Cisco frowned, turning to Dr. Fate. “Well I can’t just stay here,” he said, a little confused.

Dr. Fate looked at Cisco impassively. “Why not?”

Cisco blinked, feeling a strange sinking sensation in his stomach. He wasn’t sure how, but the room suddenly felt smaller.

“Uh, I should get going,” he said, turning his back to his host and holding out a hand to open a portal. “My mom will be worried about me, and-”

Cisco felt a sharp tug at his chest, and suddenly he was being lifted off his feet. He yelped and flailed a moment, but then he was flying backwards to land softly on one of the cushioned armchairs.

“This place is safe,” Dr. Fate repeated. “You should not leave it yet.”

Cisco swallowed, feeling sweat prickling at his skin. He tried to jump down from the chair, but suddenly a band of yellow light stretched across his waist, holding him in place. He struggled, grasping the arms of the chair and trying to pull himself forward with greater and greater urgency, but nothing worked.

“There is no reason to be frightened, child,” said Dr. Fate’s voice. He came into Cisco’s view, what little of his face was visible behind his helmet still completely expressionless.
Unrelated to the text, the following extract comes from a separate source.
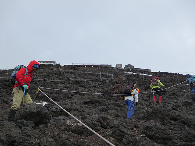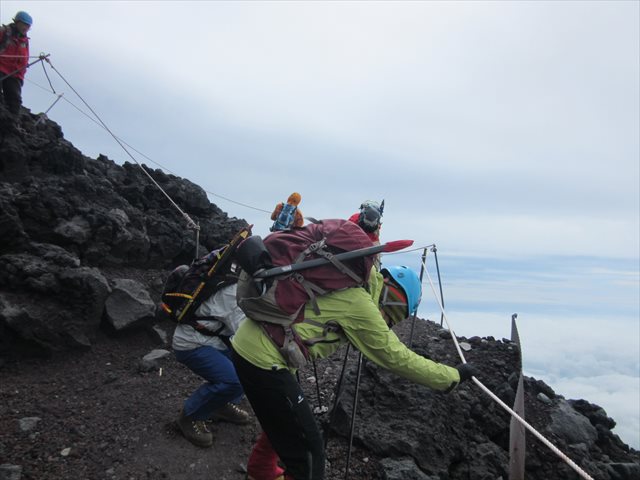 8合目から100mほど登った頃、あまりの風の強さにSさんが滑落の危険性を判断されて、ここまでとなりました。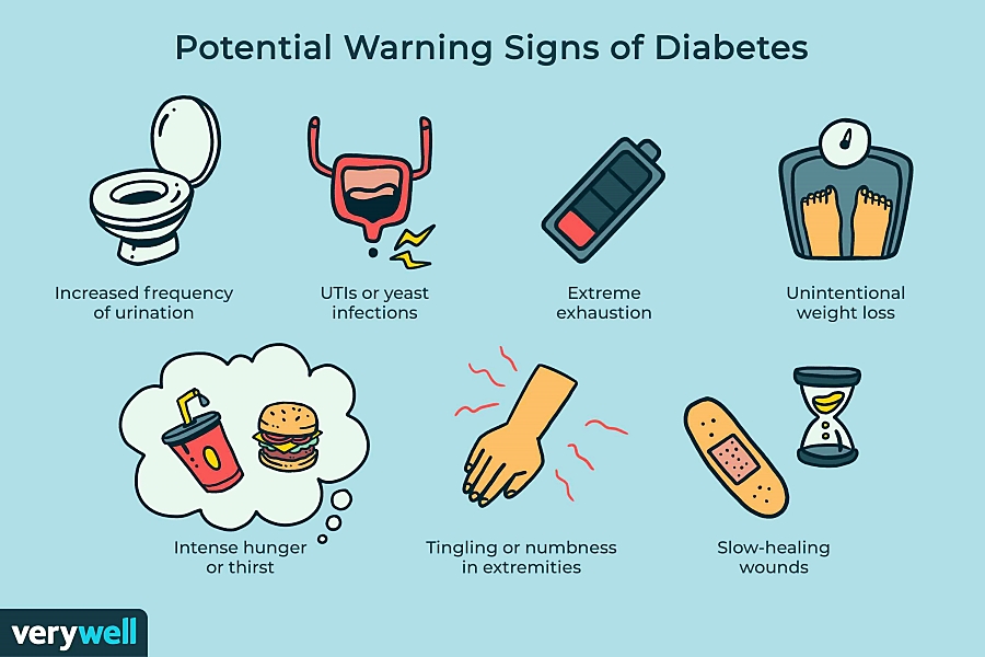 ■ 당뇨병: 약한 고혈당에서는 대부분의 환자가 증상을 느끼지 못하거나 애매해서 당뇨병이라고 생각하기 어렵습니다. 혈당치가 많이 올라가면 갈증이 나서 물을 많이 마시게 되고, 소변량이 늘어나 화장실에 자주 가게 됩니다. 다시 체중이 줄어듭니다. 장기간 고혈당 상태가 유지되면 신체에 여러 가지 합병증이 발생하는데, 대표적인 것이 망막병증(실명될 수 있음), 신기능장애(신기능저하로 심한 경우 투석 필요), 신경병증(저림, 통증), 심혈관계 질환의 위험이 높아집니다.

“Let me go!” Cisco said, wriggling as he tried to find a way out of the chair. The light held fast.

“It is best you remain here for now,” Dr. Fate said placidly. “Your power has drawn quite a bit of attention.”

“I want to go anyway,” Cisco said shakily. “Thank you for offering, but I really need to be going.”

“Your enemies circle you like sharks,” Dr. Fate told him, making Cisco’s pulse jump. “You wish to abandon the ship that has rescued you for those dangerous waters?”

_ I want to know that I can, _ Cisco thought. “Yes,” he said.

“Your fear drives you,” Dr. Fate said, with the air of someone reaching a conclusion. “I will not let it lead you into peril. You will be safe here.”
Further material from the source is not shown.